───── Data to process
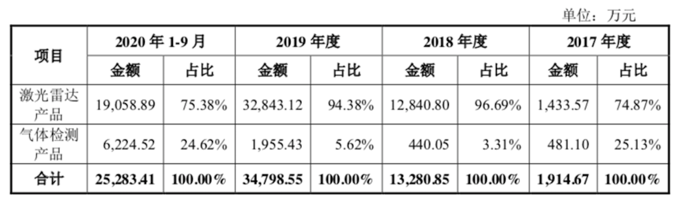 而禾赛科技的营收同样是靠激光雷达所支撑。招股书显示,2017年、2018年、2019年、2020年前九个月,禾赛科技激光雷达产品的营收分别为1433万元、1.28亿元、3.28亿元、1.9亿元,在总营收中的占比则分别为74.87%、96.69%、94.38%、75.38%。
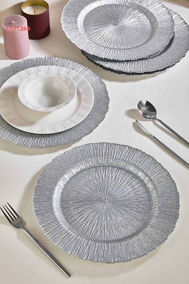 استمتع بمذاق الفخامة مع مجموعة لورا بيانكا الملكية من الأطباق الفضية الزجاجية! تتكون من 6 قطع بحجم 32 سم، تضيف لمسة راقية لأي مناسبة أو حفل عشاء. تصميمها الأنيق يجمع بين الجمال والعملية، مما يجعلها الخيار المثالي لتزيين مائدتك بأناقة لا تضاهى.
──────────
───── Data to process
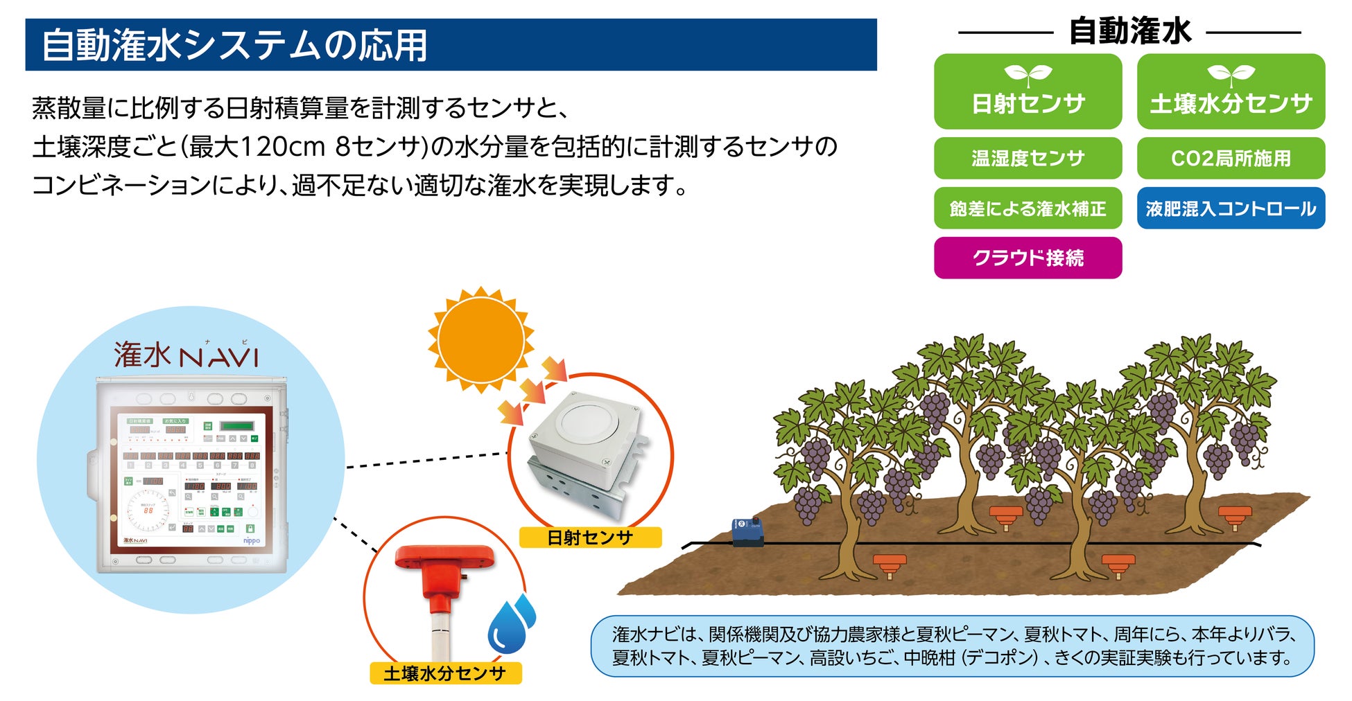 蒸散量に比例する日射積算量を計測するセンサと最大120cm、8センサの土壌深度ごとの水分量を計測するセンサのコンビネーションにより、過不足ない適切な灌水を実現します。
──────────
───── Data to process
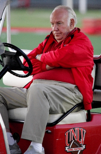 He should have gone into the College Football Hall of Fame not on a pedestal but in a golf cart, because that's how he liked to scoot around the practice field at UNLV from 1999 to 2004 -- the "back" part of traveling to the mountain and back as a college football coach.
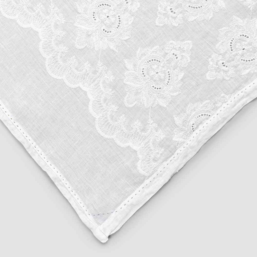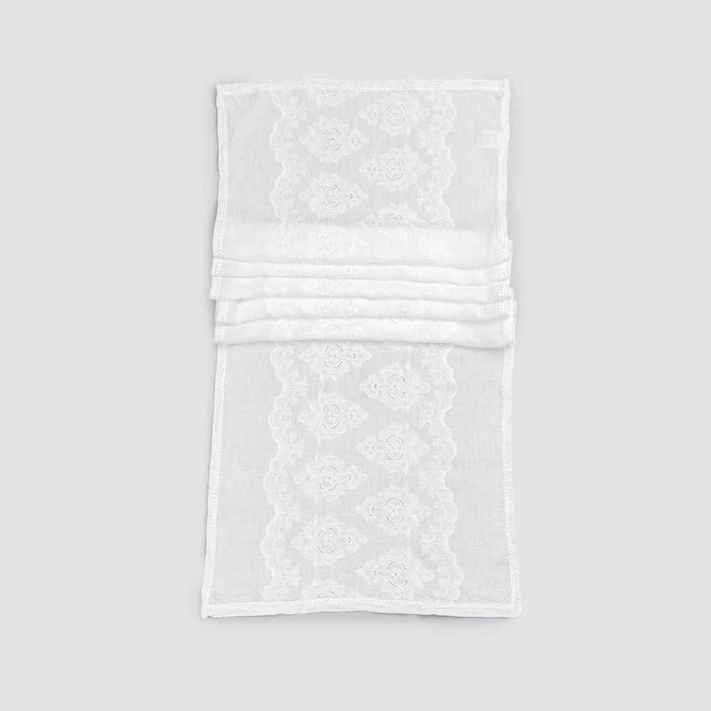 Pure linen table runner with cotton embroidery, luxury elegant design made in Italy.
──────────
• [Assignment] Each line above starting at the one holding "而禾赛科技的营收同样是靠激光" and ending at the one holding "استمتع بمذاق الفخامة" should be set down exactly as it stands, both ends included, with no pictures.

• [Task result]
 而禾赛科技的营收同样是靠激光雷达所支撑。招股书显示,2017年、2018年、2019年、2020年前九个月,禾赛科技激光雷达产品的营收分别为1433万元、1.28亿元、3.28亿元、1.9亿元,在总营收中的占比则分别为74.87%、96.69%、94.38%、75.38%。
 استمتع بمذاق الفخامة مع مجموعة لورا بيانكا الملكية من الأطباق الفضية الزجاجية! تتكون من 6 قطع بحجم 32 سم، تضيف لمسة راقية لأي مناسبة أو حفل عشاء. تصميمها الأنيق يجمع بين الجمال والعملية، مما يجعلها الخيار المثالي لتزيين مائدتك بأناقة لا تضاهى.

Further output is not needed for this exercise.